_Work instruction:_
The line with "Unsere Rose ist" marks the first line to copy, and the line with "2013年3月8日,值此三八" marks the last. Transcribe that stretch of the data below exactly, without pictures.

(Stored data)
_ _ _

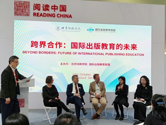 10月17日,王芳社长应邀出席北京印刷学院在书展主办的“跨界合作:国际出版教育的未来”对话论坛并作报告。她指出,面对出版业数智化转型与跨文化传播新挑战,国际出版教育需聚焦三大任务:制定国际化出版人才培养标准、打破产学壁垒建立实训基地、成立国际出版研究中心加速成果转化。作为国际出版教育联盟成员,外研社将开放数字平台资源,提供产教融合实践基地,并依托出版联盟等国际网络构建全球协作体系。论坛嘉宾还包括北京印刷学院出版学院副院长叶文芳、德国美因茨大学出版学博士安克·沃格尔(Anke Vogel)、施普林格・自然全球图书负责人及执行副总裁汤恩平、德古意特博睿联合首席出版官薄墨如(Maurits van den Boogert)。本次活动由语文出版社党总支书记、社长于春迟主持。
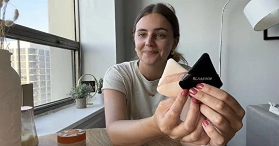 DUBBEL GEVORMD ONTWERP – gebruik de afgeronde rand wanneer u foundation op de wangen en het voorhoofd aanbrengt, de driehoek is gemakkelijker aan te brengen onder de ogen en de hoeken van de huid, waardoor de make-up delicater en gemakkelijker wordt.
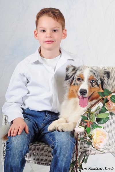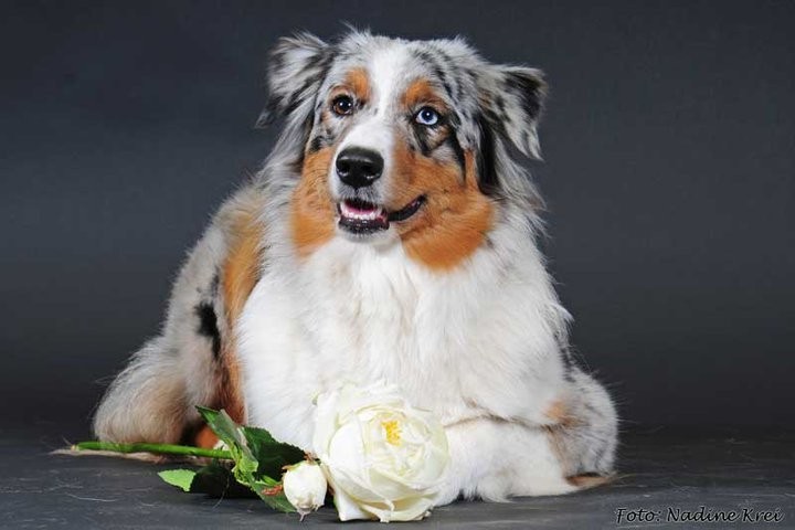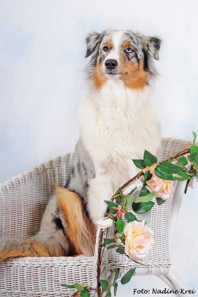 Unsere Rose ist unsere blue merle farbende Nachzuchthündin. Sie möchte immer und überall gefallen und es macht sehr viel Spaß mit ihr zu arbeiten. Sie ist überall, genau wie ihre Mama, beliebt und wer von ihr noch nicht überzeugt ist, den überzeugt sie mit ihrem Charme und wickelt ihn um den Finger. Ihr größtes Hobby ist das KUSCHELN! Am liebsten immer und überall. Sie ist einfach nur Klasse. Rose ist eine ausgeglichene und ruhige Hündin. Genau das, was ich für meine Zucht gesucht habe. Im Showring kann sie immer wieder überzeugen. Sie ist unsere Zukunft. Rose ist mittlerweile Jugendchampion im CASD und im VDH und Champion im VDH.
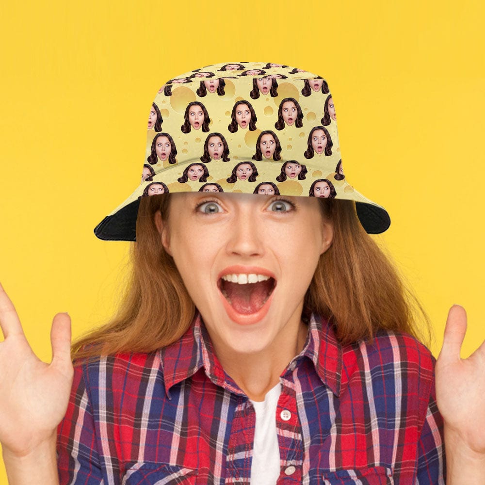 Custom Bucket Hat Personalized Face Cheese Bucket Hat Summer Wide Brim Fisherman Hat Gifts
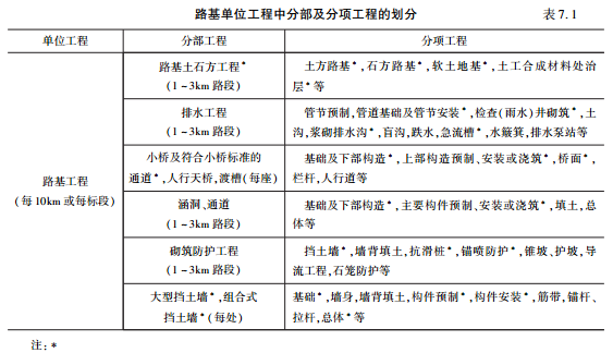 建设项目划分为单位工程、分部工程、分项工程三级ꎮ 路基单位工程中分部和分项的划 分内容见表 7. 1ꎮ
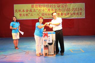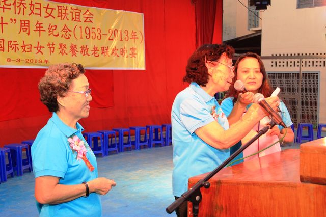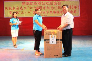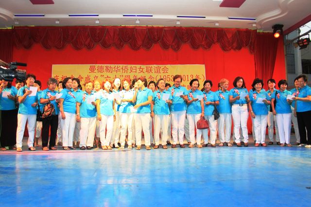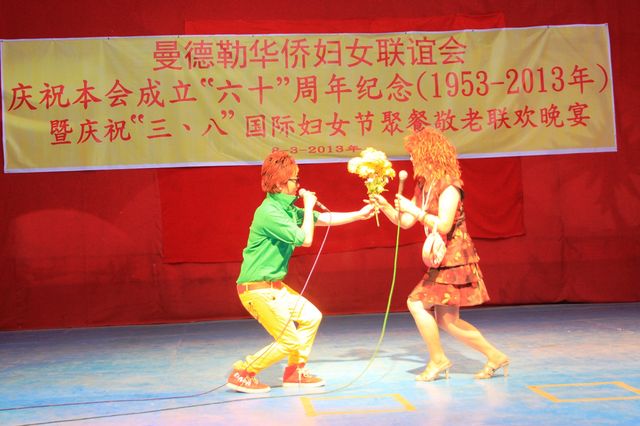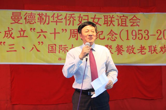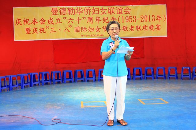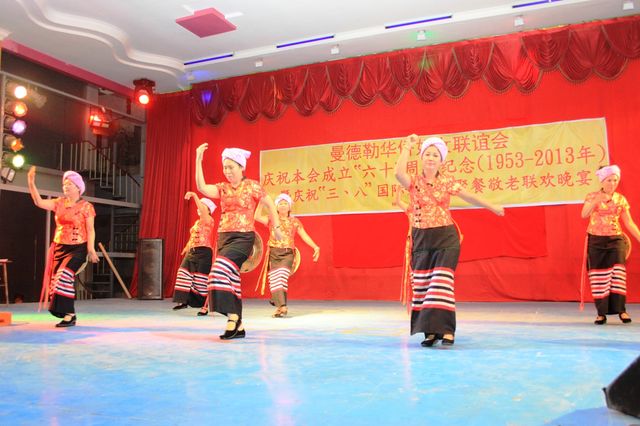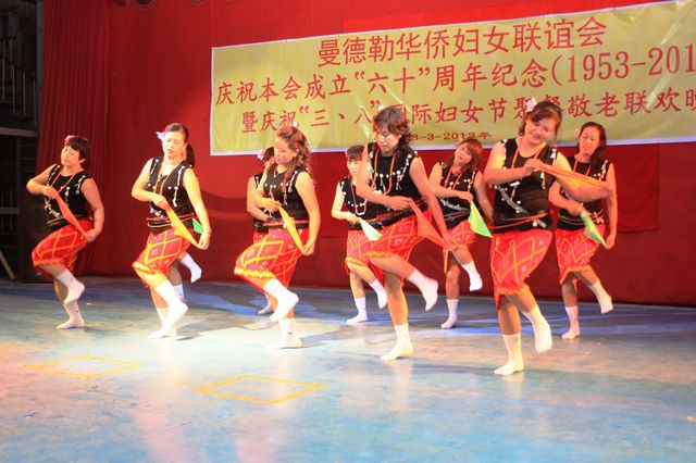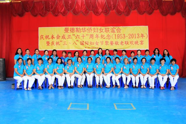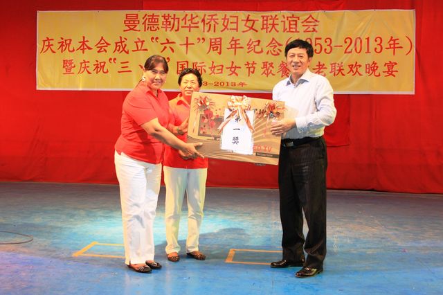 2013年3月8日,值此三八妇女节来临之际,曼德勒华侨妇女联谊会于曼德勒云南会馆举行成立60周年纪念暨庆祝“三八”国际妇女节聚餐敬老联欢晚会。中华人民共和国住曼德勒总领事馆郁伯仁总领事及全体领事、曼德勒云南同乡会、福建同乡会、广东同乡会、多省同乡会的领导们,华侨中小学校校友会的代表、福庆孔子课堂校领导、果敢妇女组、福建妇女慈善会、金多堰妇女慈善会共1000余人应邀出席。
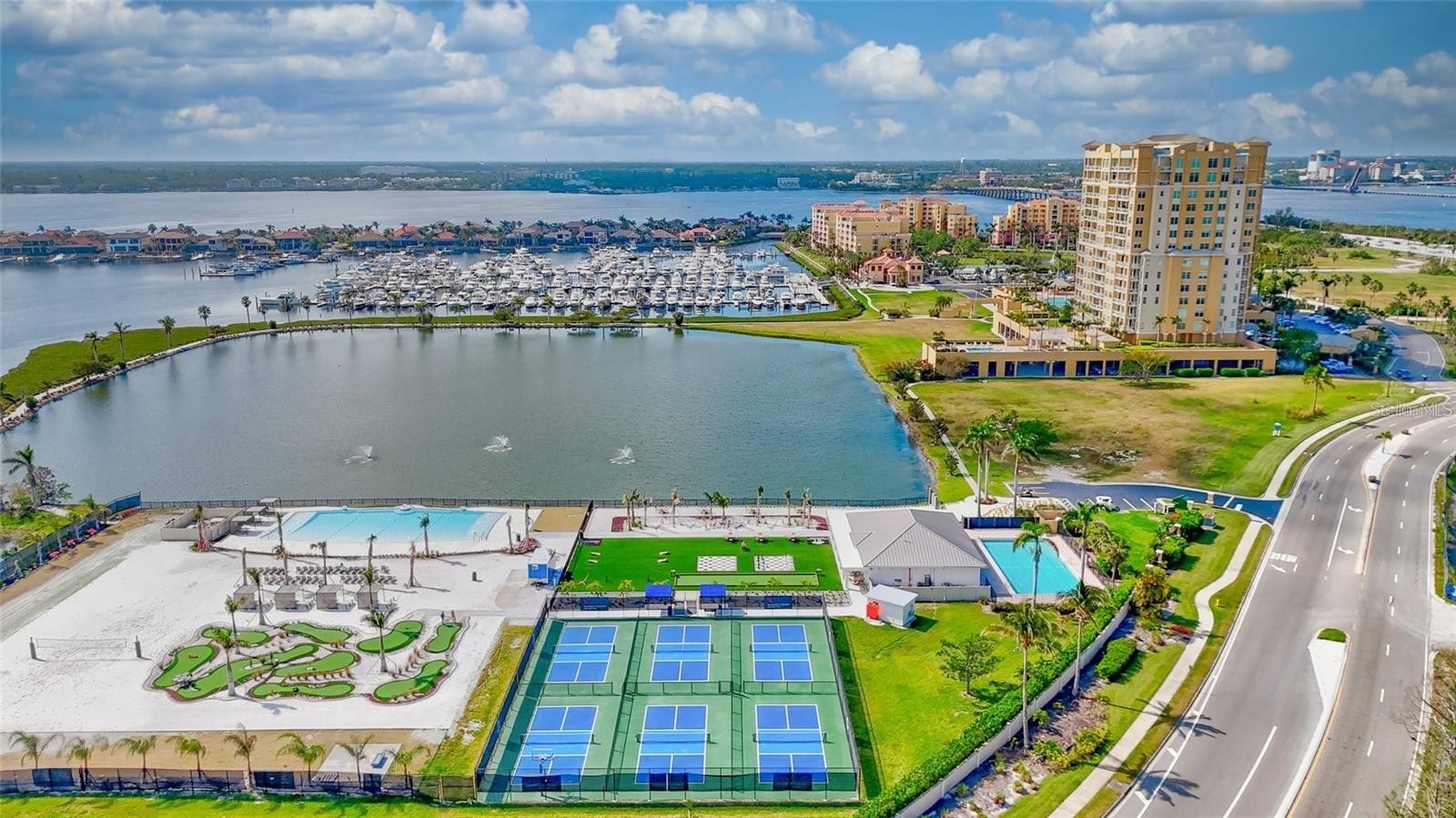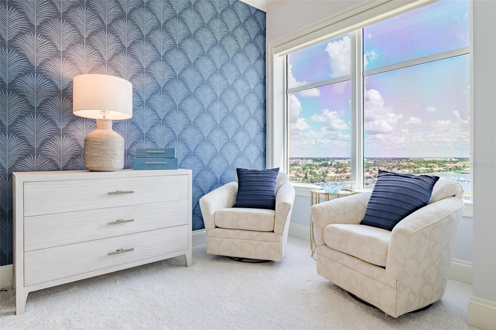 Welcome to one of Bel Mare’s most beautifully updated residences; this exceptional end-unit Rapallo floor plan offers over 3,350 total square feet and captures SWEEPING WATER VIEWS in multiple directions. Enjoy sunrises over the Manatee River and Riviera Dunes Marina from the east-facing balconies, along with stunning sunset views to the west; a rare and highly desirable combination. Arrive via your PRIVATE ELEVATOR entrance into a refined, open-concept living space featuring polished travertine flooring, professionally painted tray ceilings, and upgraded lighting throughout. The living area showcases CUSTOM built-ins and a FIREPLACE feature wall, while a beautifully designed bar with two beverage/wine refrigerators creates the perfect setting for entertaining. The kitchen offers Merillat wood cabinetry, stone countertops, a porcelain backsplash, pull-out shelving, and a 6-burner gas cooktop; a rare feature within the community. The split floor plan provides privacy, with a spacious primary suite offering balcony access, dual walk-in closets, and a fully reimagined SPA-LIKE bath with stunning BRAZILIAN QUARTZ countertops with under counter lighting, LED mirrors, and a custom frameless shower with body sprayers. Two additional guest suites feature COMPLETELY REMODELED en-suite bathrooms and walk-in closets, while the den; with closet and balcony access, functions as a fourth bedroom or office. Offered TURNKEY FURNISHED, with each piece professionally curated, this residence is truly move-in ready. The property also includes THREE under-building PARKING SPACES, two of which are side-by-side; a rare and valuable feature. Bel Mare residents enjoy resort-style amenities, including pools, fitness center, pickleball, theater, social spaces, and guest suites for visiting family and friends, along with access to the Riviera Dunes Beach Club, offering an additional waterfront lifestyle experience included with ownership. Conveniently located near downtown Bradenton, Anna Maria Island, Sarasota, St. Petersburg, Tampa, and Lakewood Ranch, this location offers both accessibility and coastal living. A rare opportunity to own a luxury waterfront residence with expansive views, private elevator access, and EXCEPTIONAL UPGRADES throughout.
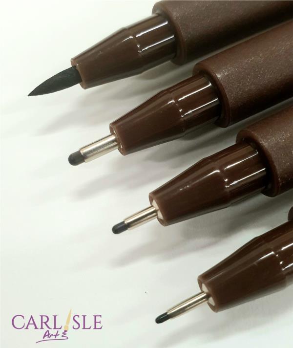 The Pitt Artist pens are designed for ink-based artwork and can be painted over quickly without smudging spreading or blotting as the ink dries rapidly upon contact with paper. They can be used on slightly damped paper to create a brush effect where desired.
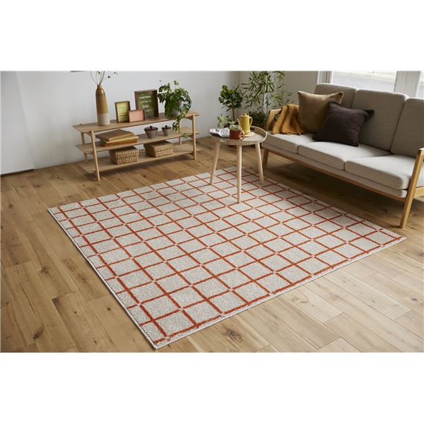 スミノエ 洗える ラグ オセロ 約幅90×長さ130cm オレンジ 日本製【代引不可】
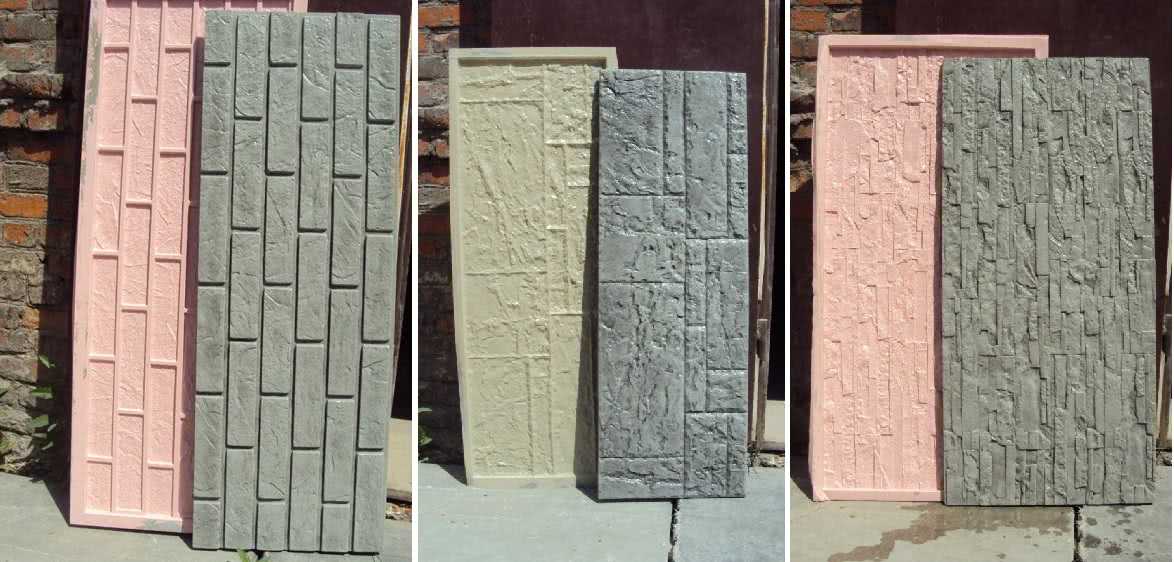 - В виде плит разного формата. В этой категории могут быть гладкие панели или имитирующие кирпичную кладку, камень и т.д. Монтируются тоже не обрешетку, но имеют свои особенности.

_ _ _

_Task output:_
 Unsere Rose ist unsere blue merle farbende Nachzuchthündin. Sie möchte immer und überall gefallen und es macht sehr viel Spaß mit ihr zu arbeiten. Sie ist überall, genau wie ihre Mama, beliebt und wer von ihr noch nicht überzeugt ist, den überzeugt sie mit ihrem Charme und wickelt ihn um den Finger. Ihr größtes Hobby ist das KUSCHELN! Am liebsten immer und überall. Sie ist einfach nur Klasse. Rose ist eine ausgeglichene und ruhige Hündin. Genau das, was ich für meine Zucht gesucht habe. Im Showring kann sie immer wieder überzeugen. Sie ist unsere Zukunft. Rose ist mittlerweile Jugendchampion im CASD und im VDH und Champion im VDH.
 Custom Bucket Hat Personalized Face Cheese Bucket Hat Summer Wide Brim Fisherman Hat Gifts
 建设项目划分为单位工程、分部工程、分项工程三级ꎮ 路基单位工程中分部和分项的划 分内容见表 7. 1ꎮ
 2013年3月8日,值此三八妇女节来临之际,曼德勒华侨妇女联谊会于曼德勒云南会馆举行成立60周年纪念暨庆祝“三八”国际妇女节聚餐敬老联欢晚会。中华人民共和国住曼德勒总领事馆郁伯仁总领事及全体领事、曼德勒云南同乡会、福建同乡会、广东同乡会、多省同乡会的领导们,华侨中小学校校友会的代表、福庆孔子课堂校领导、果敢妇女组、福建妇女慈善会、金多堰妇女慈善会共1000余人应邀出席。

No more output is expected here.